Where your pension plan might disappear to.
- posted
9 years ago
Where your pension plan might disappear to.
Thank you for the pointer. It looks an interesting investment.
Wasn't there talk a few years back that the EU wanted pension investments to be treated as a common resource (cf. fishing rights) ? At the time, the UK had one of the more well funded pension industries.
So, apparently, are you.
Yes. I don't think it happened. Pension funds in the UK are privately held, which is not the case in all EU countries. (There is no fund for UK state pension - it's paid directly by taxation on those still working, which is another timebomb still to come.)
UK pensions became significantly less well funded since then anyway, although there's been some recovery more recently.
In UK, we've done £375B of QE already, and most economists seem to think it has made a significant improvement to our outlook, verses much of the eurozone. The other thing that has probably made proportionally much more difference is PPI compensation, which is now running at £24B. Because it is transferred from banks directly to those who spend (i.e. they borrowed to spend in the past, and therefore tend to be spenders rather than savers), although significantly less than the QE sum, it's probably 100% effective at going straight back into the GDP, whereas QE is only around 12% effective at going back into the GDP (the rest getting stuck in banks to bolster their capital). PPI compensation is therefore likely to also be a significant factor in the UK recovery.
I have no idea if anything we bought/took out in the past 10 years is affected :(
Apply anyway. :o)
In message , Andrew Gabriel writes
There is nominally a fund, the National Insurance Pension Fund. It is been funded by a hypothecated part of your NI deductions. It used to have a healthy and growing surplus. C£50bn at the time.
In 2004 Gordon Brown stole about 2.4bn per annum of its income by introducing an environmental levy through NI but then reducing the pension fund contribution by the equivalent amount. The alternative would have been to raise income tax.
Up until 2006 it was invested in guilts which earned it interest but then Gordon Brown stole it by transferring it to an account with the commissioner for national debt.
It's note easy to get figures on its current status as people pretend it doesn't exist although its accounts are I believe placed annually in the Commons Library.
As to the future time bomb well life expectancy actually went down this year. People are working longer and the working population is going up and up not least by immigration and we are told they are making a massive contribution to the economy.
Gilty as charged!
No there isn't.
Actually, there is (though it seems little known about).

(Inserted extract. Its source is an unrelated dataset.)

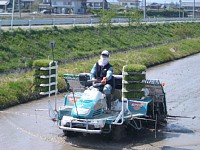 田植え機に苗や肥料を積み込んだり、一緒に田植え機に乗って振動を感じ、

You can see the accounts here:
There is a bit of background info in them as well.
No there isn't.
It's not a "fund" in any meaningful sense. ICBA to look, because I've already had this argument several times, but I imagine your URL states that the account is to smooth out variations in inflow and outflow. It is not an investment fund, a wealth fund or any other kind of "fund". It's a current account.
Altogether now = Oh yes there is.
*Your* definition of a fund is just that.